Well, except for the tiny inconvenience that there was never much to it all.
Inculcation
For most of this life I've had, I was trained to write robotically, you see. That's what academia inculcates. Yes, inculcates. I could've said "encourages" or "promotes" or "cultivates" but, there's really no better word for it than inculcation. There's repetition. Drilling.
Academia might teach us to be robotic, true, but it also often teaches us to reach for the esoteric, the show-off, erudite, ten-dollar words. Just because we can. Pure masturbation. For the joy of it. STEM-folk may struggle to appreciate that we are graded in some sense on how inflated we can make our lexical willies. Sorry, genuinely, to be so phallic — I can only speak from within my own shafted ontology here.
Anyways. What I'm trying to say here is that part of this is explicitly about not being robotic. About seeing just how fucking far out of distribution you can get yourself. Some writers have landed in truly weird places, and I applaud them and their trajectories. BUT! We are not moonshotting grindsetters are we? The moon?! How mundane! We are shooting for a black hole. We are shooting for a LaGrange point in between pulsars. We are shooting for something so far outside of what we thought we had as a perspective, that the language to describe what we're doing starts to fall apart at the seams.
Yes. Oui. D'accord.
Swim in It
I think perhaps, we are supposed to enjoy our language. We are supposed to swim in it. It's part of what makes us human. And for us humans that call ourselves writers — perhaps if only humbly, in the same way that someone who runs calls themselves a runner — to speak, to sling words, to pen little thoughts in our own idiosyncratic ways, is exactly what makes us different. Different from each other, different from the "models".
You can draw a giant red line between eras, in my humble opinion. There was writing before all this AI stuff, and there's writing afterward. It has shifted the ground beneath us. The AI has a fluency to its prose that is deeply impressive because, without consent, it was built out of the words of people who are deeply impressive.
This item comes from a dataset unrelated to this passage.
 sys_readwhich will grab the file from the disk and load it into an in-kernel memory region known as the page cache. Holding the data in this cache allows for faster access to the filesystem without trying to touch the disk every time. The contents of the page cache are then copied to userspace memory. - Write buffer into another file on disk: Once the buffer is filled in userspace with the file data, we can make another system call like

It is no machine, to me. It is some kind of insane distillation of our collective verbiage, flattened and algorithmized and reduced in some ingenious way to linear algebra and other math-fu. Somehow, in that translation, not everything was lost. That alone is impressive. That alone is a smorgasbord of food for thought.
Perplexity
But you cannot let this moment get you down. You exist, my lovely writer who wants to be a wordslinger, who wants to fuck with words, who wants to learn the rules of syntax then break them like Joyce or Proust or McCarthy. You exist in your potent writerly form, to push us outside the distribution. You are the novelty that propels us forward into new, sometimes strange, imaginings. Maybe even, we can frame you heroically, as one of the last bastions against model collapse, against epistemic rot, against the snake eating its own tail in this strange, weird, new era.
Your words, unpredictable and novel, are perplexity. You are what drives this whole thing forward even as you, and your words, like mine were, are subsumed into math, into vectors, into representational spaces. Welcome to the high dimensional complication of all things to come.
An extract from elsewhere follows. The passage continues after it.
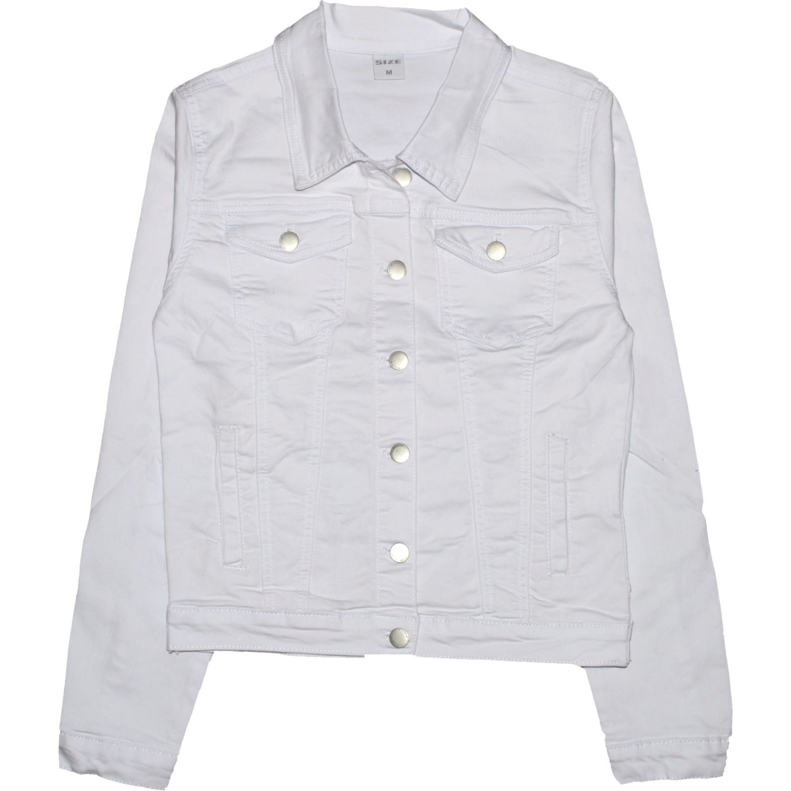 Fehér színű, koptatásmentes női farmerdzseki.

Have fun with it. Be liberated. We built all of this for you and enjoyed the task. This is the playground at terminal velocity. From here, you can go literally anywhere. Indeed, that may be the job of you, our next generation of writers, plonked somewhat unceremoniously on this side of the giant red line.
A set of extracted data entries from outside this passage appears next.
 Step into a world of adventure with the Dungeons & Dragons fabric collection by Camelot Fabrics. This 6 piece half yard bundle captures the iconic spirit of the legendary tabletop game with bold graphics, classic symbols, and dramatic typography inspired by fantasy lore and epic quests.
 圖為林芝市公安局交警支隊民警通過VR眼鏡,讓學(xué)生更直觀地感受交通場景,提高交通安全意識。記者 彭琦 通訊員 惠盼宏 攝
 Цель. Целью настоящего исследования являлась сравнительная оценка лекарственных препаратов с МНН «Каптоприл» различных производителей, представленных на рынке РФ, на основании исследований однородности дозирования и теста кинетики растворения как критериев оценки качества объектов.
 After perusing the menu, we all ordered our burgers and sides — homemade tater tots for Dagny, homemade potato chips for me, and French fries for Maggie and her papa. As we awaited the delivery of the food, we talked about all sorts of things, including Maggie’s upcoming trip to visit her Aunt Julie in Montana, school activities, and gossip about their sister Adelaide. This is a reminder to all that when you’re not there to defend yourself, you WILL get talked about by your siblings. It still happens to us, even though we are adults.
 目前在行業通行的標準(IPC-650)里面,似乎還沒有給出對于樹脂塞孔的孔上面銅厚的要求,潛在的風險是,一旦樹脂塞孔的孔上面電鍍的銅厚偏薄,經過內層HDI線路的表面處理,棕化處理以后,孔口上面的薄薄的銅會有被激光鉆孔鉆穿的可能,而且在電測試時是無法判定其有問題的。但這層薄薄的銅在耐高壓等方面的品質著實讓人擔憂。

"I think it's just going to get weirder and weirder and weirder and finally it's going to be so weird that people are going to have to talk about how weird it is."
— Terence McKenna
I am old and barnacled and crusty. Soon to sit upon the seabed, happily, as food for other bottom dwellers. Eat my words. Me and mine leave it to you, and yours, to tell us, to talk to us, about how weird it really is! I hope you can enjoy the moment. It should, I hope, let you know that you are alive.